– Лишние уши нам ни к чему, не так ли? Особенно, когда этим ушам сопутствует такой змеиный язык, как у моей Дженет.
Граф пропустил намек мимо:
– Что соседи, Уот? Теперь, под Максвеллом, беспокоят изрядно?
– Под старым Джоном – нет, пока его не взяли в Тауэр, было добротно, а вот сынок его, Роберт, твой сводный братец, держит руку Керров, так что – сам понимаешь.
– А как все вышло-то, Уолтер, тогда, в начале, между тобой и Кессфордами?
– По глупости молодой, как! Мне бы сообразить, что на Ангуса не надо выходить в две фамилии всего, но нам же дерзости не занимать. Керры ввязались не потому, чтоб им было дело до короля, нет… им было важно, что можно на меня пасть разинуть. И ведь я их пальцем не тронул – на кой они мне, по родству-то, а Кессфорда пикой снял один из моих Эллиотов, когда мы уже от них уходили, в клочья Ангусом порванные… мать моя из Керров Бокле, на дочери Фернихёрста я даже побыл женат, а все одно. Только хуже.
– А что твои Эллиоты сейчас?
– При деле, как в старые времена. Джок по-прежнему не дурак в том, чтоб увести стадо чужой скотины. Старый Редхью хворал-хворал, а помер только года полтора назад, они пришли ко мне, я взял их под свой штандарт…
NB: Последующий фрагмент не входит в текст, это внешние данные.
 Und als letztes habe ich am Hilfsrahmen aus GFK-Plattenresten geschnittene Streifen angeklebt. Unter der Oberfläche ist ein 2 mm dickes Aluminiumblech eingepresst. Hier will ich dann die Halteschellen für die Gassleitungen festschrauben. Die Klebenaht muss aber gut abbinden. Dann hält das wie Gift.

– Ну, скажи уж хоть теперь, Уот, – улыбаясь, спросил Белокурый, – тогда, с плешивой овцой – это было все с твоего приказа?
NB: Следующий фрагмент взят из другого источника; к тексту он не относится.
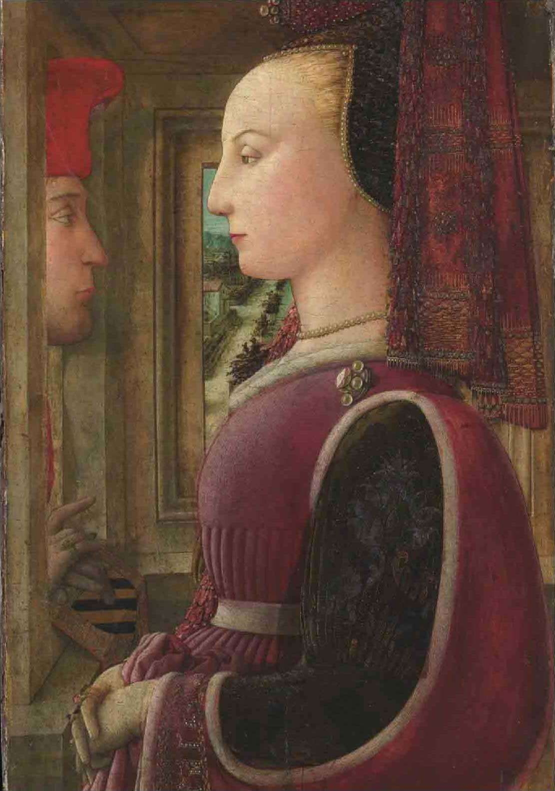 菲利普·利皮修士是文艺复兴前期意大利最重要的艺术家之一。这件作品是现存最早的意大利双人肖像画,它是第一件将模特绘于家庭环境中的画作,也是首次在肖像画中表现窗外风景。这位女士穿着奢华的法式服装,袖子上绣着“忠诚”(Iealta)字样,正被一位从窗口探进头来的男子注视着。男子很可能就是她的未婚夫,他的双手放在一个清晰的徽章上。这两位可能是洛伦佐·迪·拉涅里·斯科拉里(Lorenzo di Ranieri Scolari)与安焦拉·迪·贝尔纳多·萨皮蒂(Angiola di Bernardo Sapiti),他们于1439年左右结婚。利皮的工作因意大利人偏爱侧面像而变得复杂起来,这比阿尔卑斯山以北地区流行的四分之三视角画起来要困难得多。

Дело о сожженных овчарнях Хермитейджа висело между ними долгие годы, как падаль на суку – при попутном ветре нет-нет, да пованивает. Он знал, Уот солжет и отопрется, но побаловал себя вопросом все равно.
Так и произошло.
– Я не при чем, – побожился Вне-Закона, – то была задумка покойного Роба, помяни, Господи, его грешную душу… Теперь спрошу я тебя: верно ли говорят, что Питтендрейк заманил тебя в Далкит и преломил хлеб? Верно всё или врут, как у нас тут водится?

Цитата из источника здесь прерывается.